M-Audio Mobile Pre USB

E-MU 04040

The two cards above have the right price (for me) and have phantom power for the microphone. I am using a Behringer ECM8000 with it. Personally I am leaning towards the M-Audio. But I would appreciate hearing about some experiences before buying


----------



## brucek (Apr 11, 2006)

Any soundcard will work with REW as long as it has a line-out and line-in (or an XLR mic in with phantom power).

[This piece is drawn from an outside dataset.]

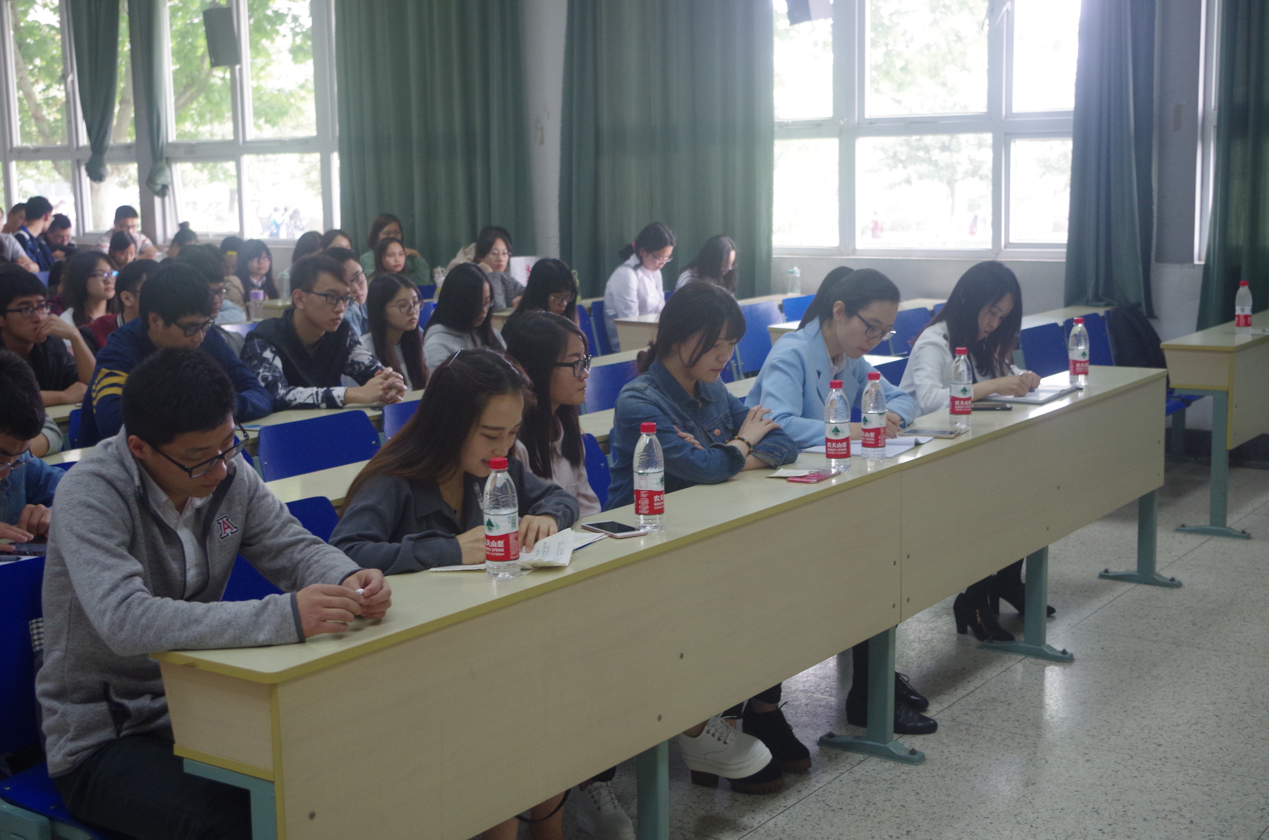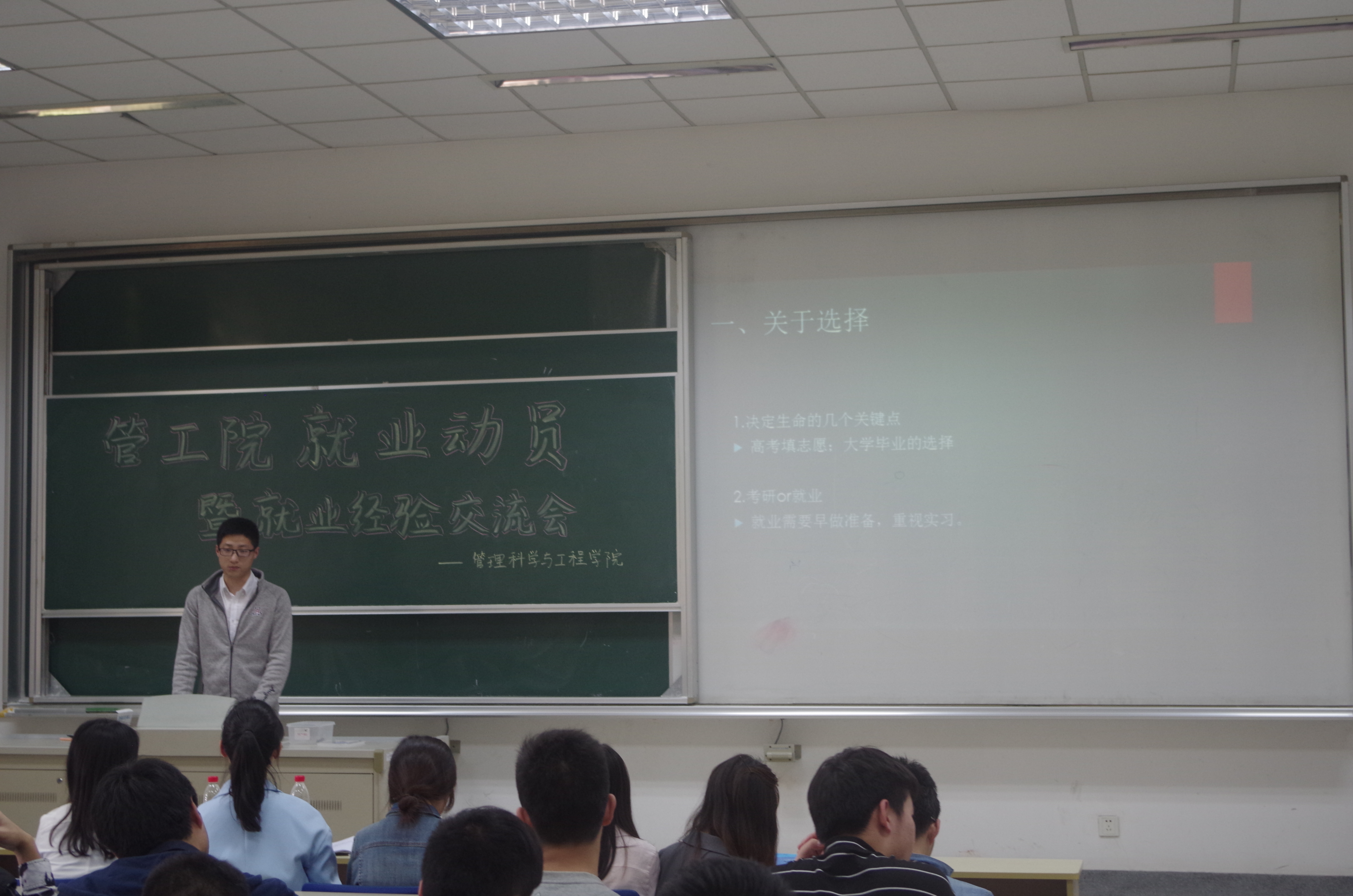 接着,已被友达光电录用的张淑娟同学针对自我介绍、职业发展、求职的准备,细致具体地分析了自己应聘品质工程师的经历,并指出选择了一个职位意味了选择了一种生活方式,一定要慎重考虑;已被上海浦发银行录用的荣妍妍同学,就银行网申、笔试、面试的准备和技巧作了详细介绍,并认为自我介绍要与众不同有亮点才能脱颖而出;已被苏州吴中招商局录用的薛珺同学传授了面试技巧和自身独特的求职经历,认为面试一定要自信镇定,表达自己对职位的强烈渴望;已被南京银行录用的李玉杰同学提出,人生就是不断地选择,求职是尤为关键的一次选择,他分享了因为自己对哲学的爱好而被录用的经历,认为平时应该多看书多积累,面试的时候才能厚积薄发。四位分享者还与现场同学进行了互动交流。

The only problems have been with cards that the manufacturers haven't provided proper drivers for Vista or W7.

brucek


----------



## Jonas_h (Jan 7, 2009)

brucek said:


> Any soundcard will work with REW as long as it has a line-out and line-in (or an XLR mic in with phantom power).
> 
> The only problems have been with cards that the manufacturers haven't provided proper drivers for Vista or W7.
> 
> brucek


I know, but even though all sound cards should work in theory, I still see forum topics about cards which cannot calibrate probably etc. So I would feel best about buying a card which I know some people have used with succes running vista/W7.


----------



## Wayne A. Pflughaupt (Apr 13, 2006)

If you want the sound card merely for REW and don’t specifically need some feature that the M-audio and E-MU offer, you might consider the Tascam US-122L. It’s quite a bit cheaper than those other two you’re looking at.

Here’s a thread where the M-Audio was used successfully – not sure what the OS was, however.

What you might do is Google “m-audio mobile pre reviews” etc. and see what you can find on these cards. Often people will mention what their OS is in their comments.

Regards,
Wayne


----------